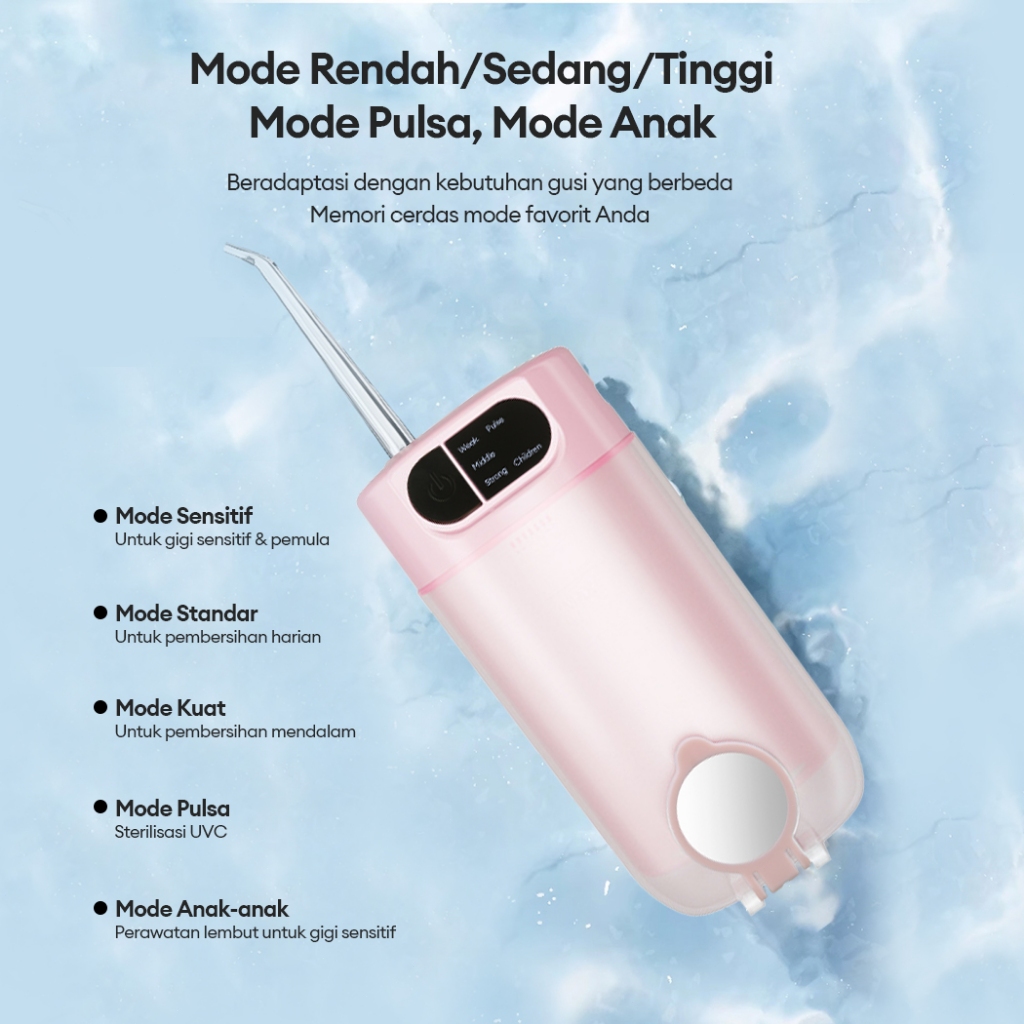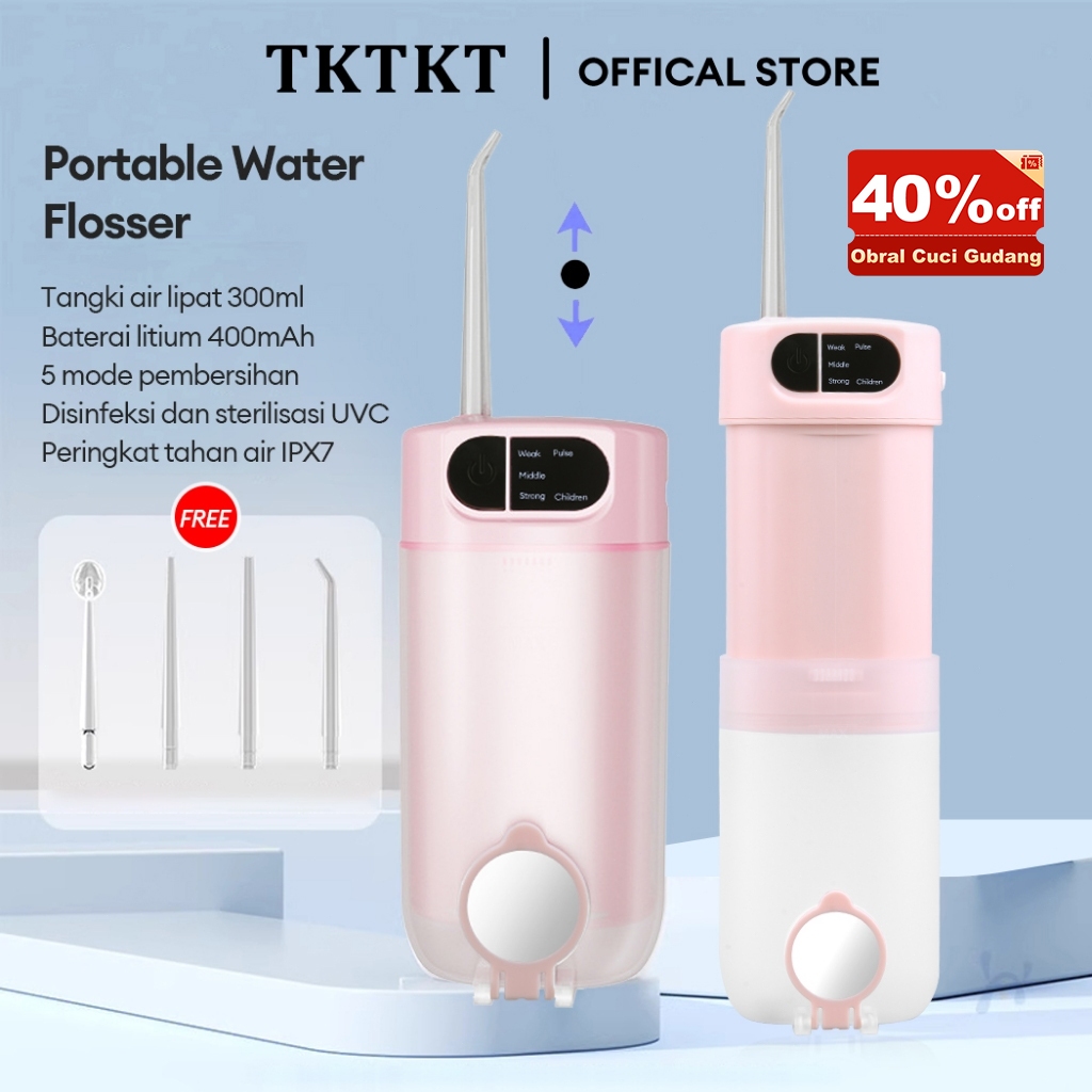 TKTKT 300ml Foldable water floss gigi 5 Mode pembersih Oral Irrigator Dental Water Jet ater Irrigator with 4 Nozzles Scaler Teeth
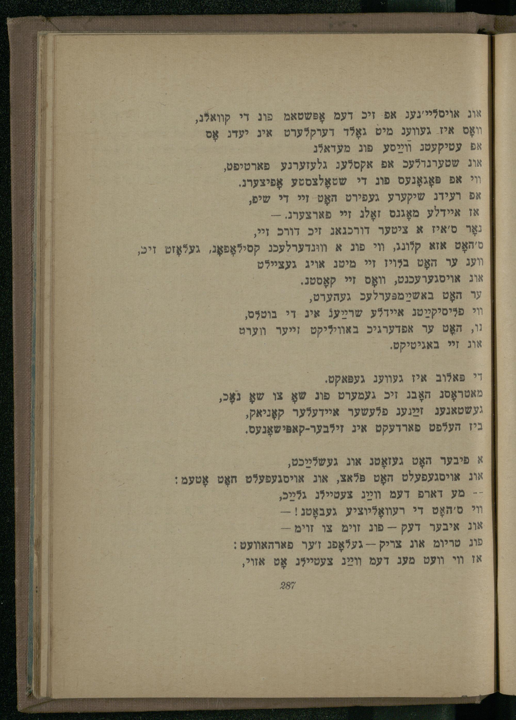 ס'האָט אזא קלונג, װי פוג א װוּנדערלעכג קסילאָפאָג, געלאָזט װעג ער האָט בלויז זי מיטג אויג געציילט
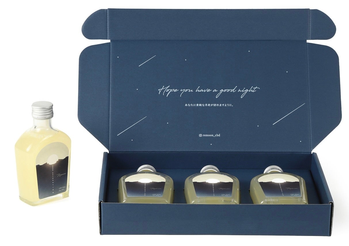 「素敵な月夜を繰り返しお届けしたい」という想いからRemoonと名付けました。ラベルデザインは、CBDによるリラックス効果でぐっすり眠り、翌朝スッキリ目覚める時間をイメージしています。
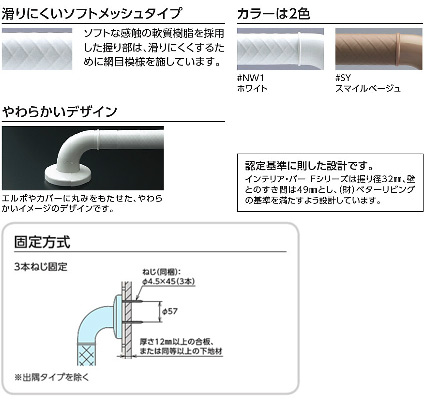 手すり インテリアバー[Fシリーズ][壁固定][I型][浴室用][長さ:300mm][φ32][前出:65mm][ソフトメッシュタイプ][ホワイト]
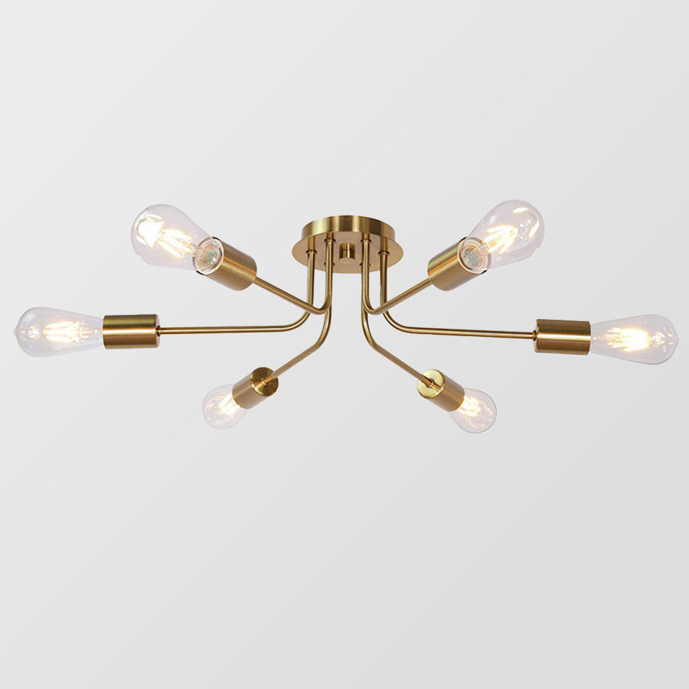 Modern 6-Light Gold Glass Semi Flush Chandelier

**EXERCISE REQUIREMENTS:**
Your copy should consist only of the lines from the one containing "ס'האָט אזא קלונג, װי" through the last line of the entries above, reproduced exactly, without pictures.

**SOLVED EXERCISE:**
 ס'האָט אזא קלונג, װי פוג א װוּנדערלעכג קסילאָפאָג, געלאָזט װעג ער האָט בלויז זי מיטג אויג געציילט
 「素敵な月夜を繰り返しお届けしたい」という想いからRemoonと名付けました。ラベルデザインは、CBDによるリラックス効果でぐっすり眠り、翌朝スッキリ目覚める時間をイメージしています。
 手すり インテリアバー[Fシリーズ][壁固定][I型][浴室用][長さ:300mm][φ32][前出:65mm][ソフトメッシュタイプ][ホワイト]
 Modern 6-Light Gold Glass Semi Flush Chandelier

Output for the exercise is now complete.